### [Input data]
.....

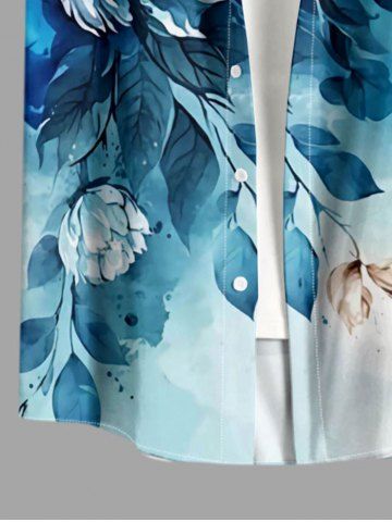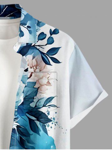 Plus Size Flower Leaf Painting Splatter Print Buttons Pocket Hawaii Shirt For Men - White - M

.....

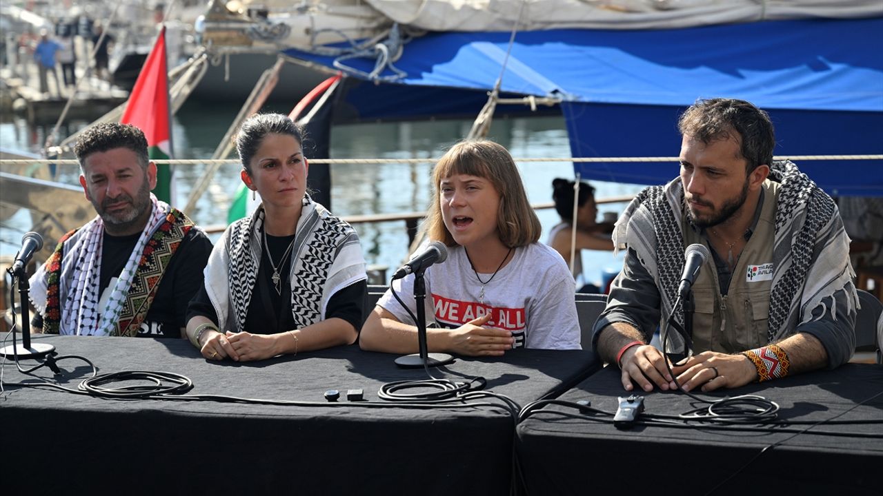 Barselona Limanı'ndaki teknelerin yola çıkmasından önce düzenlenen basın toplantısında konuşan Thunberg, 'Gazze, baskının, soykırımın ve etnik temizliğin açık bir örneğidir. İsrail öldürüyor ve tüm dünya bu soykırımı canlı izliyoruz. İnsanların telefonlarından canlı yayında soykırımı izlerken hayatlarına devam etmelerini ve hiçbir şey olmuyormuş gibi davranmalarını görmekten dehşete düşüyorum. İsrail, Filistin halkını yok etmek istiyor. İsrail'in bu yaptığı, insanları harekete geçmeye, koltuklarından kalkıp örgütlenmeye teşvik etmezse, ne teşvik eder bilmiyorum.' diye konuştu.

.....

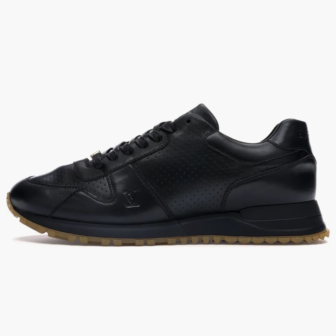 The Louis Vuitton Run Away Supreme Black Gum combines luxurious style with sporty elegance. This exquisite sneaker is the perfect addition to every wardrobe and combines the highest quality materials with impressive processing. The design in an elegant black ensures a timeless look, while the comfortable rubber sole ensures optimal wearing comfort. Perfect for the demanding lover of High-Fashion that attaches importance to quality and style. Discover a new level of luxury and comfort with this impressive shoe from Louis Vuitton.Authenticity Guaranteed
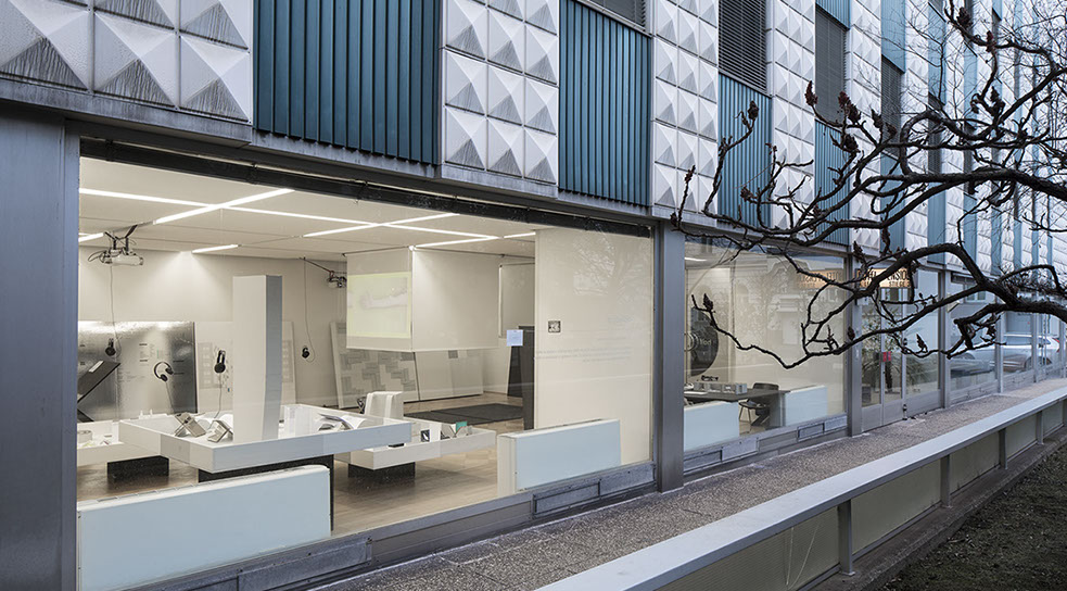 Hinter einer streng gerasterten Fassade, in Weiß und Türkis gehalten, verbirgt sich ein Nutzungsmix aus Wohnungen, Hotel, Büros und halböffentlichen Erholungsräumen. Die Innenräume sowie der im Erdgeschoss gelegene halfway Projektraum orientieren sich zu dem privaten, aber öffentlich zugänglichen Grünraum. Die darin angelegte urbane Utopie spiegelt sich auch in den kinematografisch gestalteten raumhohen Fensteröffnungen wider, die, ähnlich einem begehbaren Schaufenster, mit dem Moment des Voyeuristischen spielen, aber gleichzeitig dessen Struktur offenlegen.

.....

### [To do]
Going back to the data above, write out everything from the line with "The Louis Vuitton" down to the line with "Hinter einer streng", both included, leaving every picture out.

### [Written reply]
 The Louis Vuitton Run Away Supreme Black Gum combines luxurious style with sporty elegance. This exquisite sneaker is the perfect addition to every wardrobe and combines the highest quality materials with impressive processing. The design in an elegant black ensures a timeless look, while the comfortable rubber sole ensures optimal wearing comfort. Perfect for the demanding lover of High-Fashion that attaches importance to quality and style. Discover a new level of luxury and comfort with this impressive shoe from Louis Vuitton.Authenticity Guaranteed
 Hinter einer streng gerasterten Fassade, in Weiß und Türkis gehalten, verbirgt sich ein Nutzungsmix aus Wohnungen, Hotel, Büros und halböffentlichen Erholungsräumen. Die Innenräume sowie der im Erdgeschoss gelegene halfway Projektraum orientieren sich zu dem privaten, aber öffentlich zugänglichen Grünraum. Die darin angelegte urbane Utopie spiegelt sich auch in den kinematografisch gestalteten raumhohen Fensteröffnungen wider, die, ähnlich einem begehbaren Schaufenster, mit dem Moment des Voyeuristischen spielen, aber gleichzeitig dessen Struktur offenlegen.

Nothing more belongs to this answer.